Assignment - Copy out exactly the lines below that run from the one holding "Nella notte i" to the one holding "田国华一行来到天荣家居体验馆", keeping both of those lines and no others.

Extracted material -
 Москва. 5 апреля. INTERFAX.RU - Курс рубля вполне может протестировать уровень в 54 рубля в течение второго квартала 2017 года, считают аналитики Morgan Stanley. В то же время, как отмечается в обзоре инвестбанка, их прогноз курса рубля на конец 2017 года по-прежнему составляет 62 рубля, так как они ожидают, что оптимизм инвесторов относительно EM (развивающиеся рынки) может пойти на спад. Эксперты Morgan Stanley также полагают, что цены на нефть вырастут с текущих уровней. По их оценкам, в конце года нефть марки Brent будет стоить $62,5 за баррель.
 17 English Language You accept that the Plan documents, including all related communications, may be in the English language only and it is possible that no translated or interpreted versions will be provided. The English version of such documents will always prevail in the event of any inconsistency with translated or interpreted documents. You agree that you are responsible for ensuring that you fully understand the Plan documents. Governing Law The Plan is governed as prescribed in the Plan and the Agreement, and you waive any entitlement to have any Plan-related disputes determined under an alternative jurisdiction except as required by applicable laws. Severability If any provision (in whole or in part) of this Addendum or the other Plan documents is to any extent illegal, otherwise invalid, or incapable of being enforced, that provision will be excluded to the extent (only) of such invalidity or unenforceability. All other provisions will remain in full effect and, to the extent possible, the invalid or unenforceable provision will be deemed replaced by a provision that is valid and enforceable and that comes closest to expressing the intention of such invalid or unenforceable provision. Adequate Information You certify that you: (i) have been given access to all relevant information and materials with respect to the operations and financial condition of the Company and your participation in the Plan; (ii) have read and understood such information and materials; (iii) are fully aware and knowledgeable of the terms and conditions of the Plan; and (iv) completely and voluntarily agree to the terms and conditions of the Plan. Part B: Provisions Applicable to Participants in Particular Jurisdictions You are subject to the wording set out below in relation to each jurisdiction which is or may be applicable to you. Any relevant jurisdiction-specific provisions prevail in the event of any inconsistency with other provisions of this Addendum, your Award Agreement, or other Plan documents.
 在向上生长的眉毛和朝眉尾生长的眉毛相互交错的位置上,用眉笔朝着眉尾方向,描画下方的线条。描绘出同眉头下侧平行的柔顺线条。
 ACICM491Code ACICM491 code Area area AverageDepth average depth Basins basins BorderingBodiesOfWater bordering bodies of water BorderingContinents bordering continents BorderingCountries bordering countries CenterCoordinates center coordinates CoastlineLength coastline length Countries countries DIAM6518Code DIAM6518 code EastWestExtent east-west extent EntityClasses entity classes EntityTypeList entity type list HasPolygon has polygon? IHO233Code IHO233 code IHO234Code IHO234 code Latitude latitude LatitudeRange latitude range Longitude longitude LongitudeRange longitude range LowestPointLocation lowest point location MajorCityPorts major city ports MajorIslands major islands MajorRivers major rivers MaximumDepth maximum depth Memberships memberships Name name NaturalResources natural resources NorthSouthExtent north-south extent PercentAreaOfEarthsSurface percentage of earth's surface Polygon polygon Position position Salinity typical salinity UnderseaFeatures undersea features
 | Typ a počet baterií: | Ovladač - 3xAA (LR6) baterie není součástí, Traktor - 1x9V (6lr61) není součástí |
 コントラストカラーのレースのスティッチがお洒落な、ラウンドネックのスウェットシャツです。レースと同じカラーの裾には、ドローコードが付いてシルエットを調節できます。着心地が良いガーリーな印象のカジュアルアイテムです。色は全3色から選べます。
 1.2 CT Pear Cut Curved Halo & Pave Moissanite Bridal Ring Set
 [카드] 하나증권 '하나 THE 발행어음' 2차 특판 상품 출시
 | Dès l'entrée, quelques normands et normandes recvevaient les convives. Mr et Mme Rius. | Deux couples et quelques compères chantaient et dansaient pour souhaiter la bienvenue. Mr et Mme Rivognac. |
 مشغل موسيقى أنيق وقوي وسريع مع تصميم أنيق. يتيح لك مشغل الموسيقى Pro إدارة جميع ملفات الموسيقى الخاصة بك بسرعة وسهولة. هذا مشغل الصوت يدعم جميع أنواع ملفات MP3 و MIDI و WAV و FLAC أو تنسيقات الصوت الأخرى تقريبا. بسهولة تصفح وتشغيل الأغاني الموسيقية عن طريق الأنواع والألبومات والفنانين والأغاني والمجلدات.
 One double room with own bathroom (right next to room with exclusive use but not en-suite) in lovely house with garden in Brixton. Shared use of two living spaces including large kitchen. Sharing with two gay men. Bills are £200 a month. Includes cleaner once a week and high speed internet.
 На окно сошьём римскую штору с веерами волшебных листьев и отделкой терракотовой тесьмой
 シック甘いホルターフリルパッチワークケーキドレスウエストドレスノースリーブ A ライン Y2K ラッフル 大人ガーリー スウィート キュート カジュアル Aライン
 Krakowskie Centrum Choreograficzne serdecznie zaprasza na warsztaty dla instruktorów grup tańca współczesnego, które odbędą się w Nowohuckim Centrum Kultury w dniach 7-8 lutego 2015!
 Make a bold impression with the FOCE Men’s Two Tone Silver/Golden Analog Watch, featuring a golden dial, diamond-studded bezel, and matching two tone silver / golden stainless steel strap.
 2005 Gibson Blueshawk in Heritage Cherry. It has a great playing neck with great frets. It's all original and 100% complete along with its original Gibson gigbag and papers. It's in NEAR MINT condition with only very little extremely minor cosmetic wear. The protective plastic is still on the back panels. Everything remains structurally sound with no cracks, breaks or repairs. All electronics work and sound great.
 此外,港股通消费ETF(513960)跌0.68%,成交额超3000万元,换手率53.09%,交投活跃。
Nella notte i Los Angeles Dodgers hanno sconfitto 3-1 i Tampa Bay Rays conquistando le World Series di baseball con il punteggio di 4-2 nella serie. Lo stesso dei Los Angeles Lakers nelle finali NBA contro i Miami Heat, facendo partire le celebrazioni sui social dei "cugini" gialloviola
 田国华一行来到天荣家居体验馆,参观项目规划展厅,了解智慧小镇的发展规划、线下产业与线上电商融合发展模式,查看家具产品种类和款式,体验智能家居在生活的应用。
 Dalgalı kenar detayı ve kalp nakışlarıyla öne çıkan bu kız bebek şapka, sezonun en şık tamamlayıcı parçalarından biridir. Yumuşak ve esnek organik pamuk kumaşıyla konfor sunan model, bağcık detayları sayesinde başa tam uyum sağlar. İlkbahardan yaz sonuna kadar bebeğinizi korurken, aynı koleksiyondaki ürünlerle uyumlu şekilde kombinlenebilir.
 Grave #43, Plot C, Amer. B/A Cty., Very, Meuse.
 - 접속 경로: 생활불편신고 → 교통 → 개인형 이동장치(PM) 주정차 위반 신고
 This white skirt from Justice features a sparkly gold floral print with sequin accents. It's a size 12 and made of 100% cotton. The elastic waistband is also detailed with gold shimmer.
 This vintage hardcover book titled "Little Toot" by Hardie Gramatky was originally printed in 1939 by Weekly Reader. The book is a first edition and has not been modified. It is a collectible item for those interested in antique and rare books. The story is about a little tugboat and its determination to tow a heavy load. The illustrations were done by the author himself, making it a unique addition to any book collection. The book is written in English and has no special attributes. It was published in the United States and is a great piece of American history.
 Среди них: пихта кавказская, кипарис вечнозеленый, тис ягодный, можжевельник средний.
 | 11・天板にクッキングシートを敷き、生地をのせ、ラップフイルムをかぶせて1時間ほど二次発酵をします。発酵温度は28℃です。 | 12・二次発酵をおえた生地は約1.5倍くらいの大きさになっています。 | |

Completed exercise -
Nella notte i Los Angeles Dodgers hanno sconfitto 3-1 i Tampa Bay Rays conquistando le World Series di baseball con il punteggio di 4-2 nella serie. Lo stesso dei Los Angeles Lakers nelle finali NBA contro i Miami Heat, facendo partire le celebrazioni sui social dei "cugini" gialloviola
 田国华一行来到天荣家居体验馆,参观项目规划展厅,了解智慧小镇的发展规划、线下产业与线上电商融合发展模式,查看家具产品种类和款式,体验智能家居在生活的应用。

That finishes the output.